Are the robots coming to take over the world from the incompetent, soft hands of mankind? Don’t look now, but it probably already happened and they won the war without firing a shot.
I don’t generally find much ground to argue with Victor Davis Hanson on, but I think he might have been a bit off base this week when he wrote this.
The downside of this complete reliance on computer gadgetry is a fundamental ignorance of what technology is. Smart machines are simply the pumps that deliver the water of knowledge — not knowledge itself.
Of course, Hanson is to be forgiven, as making predictions about technology in general – and robots in particular – can be tricky. It’s even one of the subjects where Isaac Asimov got it wrong fifty years ago.

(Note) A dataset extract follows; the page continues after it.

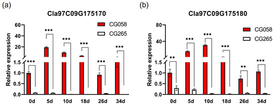 Detection of the expressions of potential genes from the parents. (a) Relative expression of Cla97C09G175170. (b) Relative expression of Cla97C09G175180. The rinds are represented by 0, 5, 10, 18, 26, and 34 d on the x-axis, indicating the days after pollination. Data are illustrated as means ± SE. ** = p < 0.01; *** = p < 0.001.

“Robots will neither be common nor very good in 2014, but they will be in existence.”
Where is all of this robot chatter going? It’s the question being examined by Michael Belfiore in the Guardian this week, as he informs us that robots are coming for your jobs, and they’ll’ probably have about half of them in short order.
Will you be replaced by a machine? There’s nearly a 50-50 chance, according to a recent study by Oxford University researchers who found that 47% of the labor market in the US alone is at risk of being mechanized out of existence. Approximately 702 jobs thus far held by humans are now threatened by non-humans, as we were reminded by a widely shared report on the study this week.
It’s not hard to see why. Advances in robotics and artificial intelligence are bringing robots into more and more workplaces…
There’s even a robotic burger flipper in the works. The website of Momentum Machines boasts that its slicing, grinding, frying robot can do “everything employees can do except better”, and that it will “democratize access to high-quality food, making it available to the masses”.
There’s a pretty staggering list of employment areas which may be largely on the way out, given the list of robotic innovations which are already either in production or at least on the drawing board. The author brings up The Baxter Robot which can take over mid-level management and supervisory duties, learning new tasks on the fly, as well as robot surgeons. But at least the bloggers are safe, so the Hot Air staff won’t have to worry. Or will they?
The Quill robotic journalist digests facts from raw data, and spits out fully formed sports and business stories.
I used to laugh off these stories myself… that is, until I was attacked by this robot during a recent tax policy conference in DC.
Okay… to be fair, “attacked” was probably a tad hyperbolic. The robot actually just bumped into my leg a couple of times while it was trying to navigate its way into the conference center. But it was still unsettling to say the least.
One final thought on this subject relates, yet again, to the minimum wage debate going on today. I take it you noticed the part about the “burger flipping robot” above. The one thing stopping every food joint in the country from automating these tasks is that you can still – at least for now – find somebody to do this work for less than it would cost to try to bring in C3PO and get an apron around its waist. But once you drive up the cost of labor far enough, the steel counter server is going to look a lot more viable. Once in place, the robot will never steal from the register, call in sick, develop an out of control drug problem or take baths in your sink. And once those jobs are gone, they won’t be coming back.
Now if we can find a robot to scare the Jehovah’s Witnesses off my porch at a reasonable cost, the future will be golden indeed.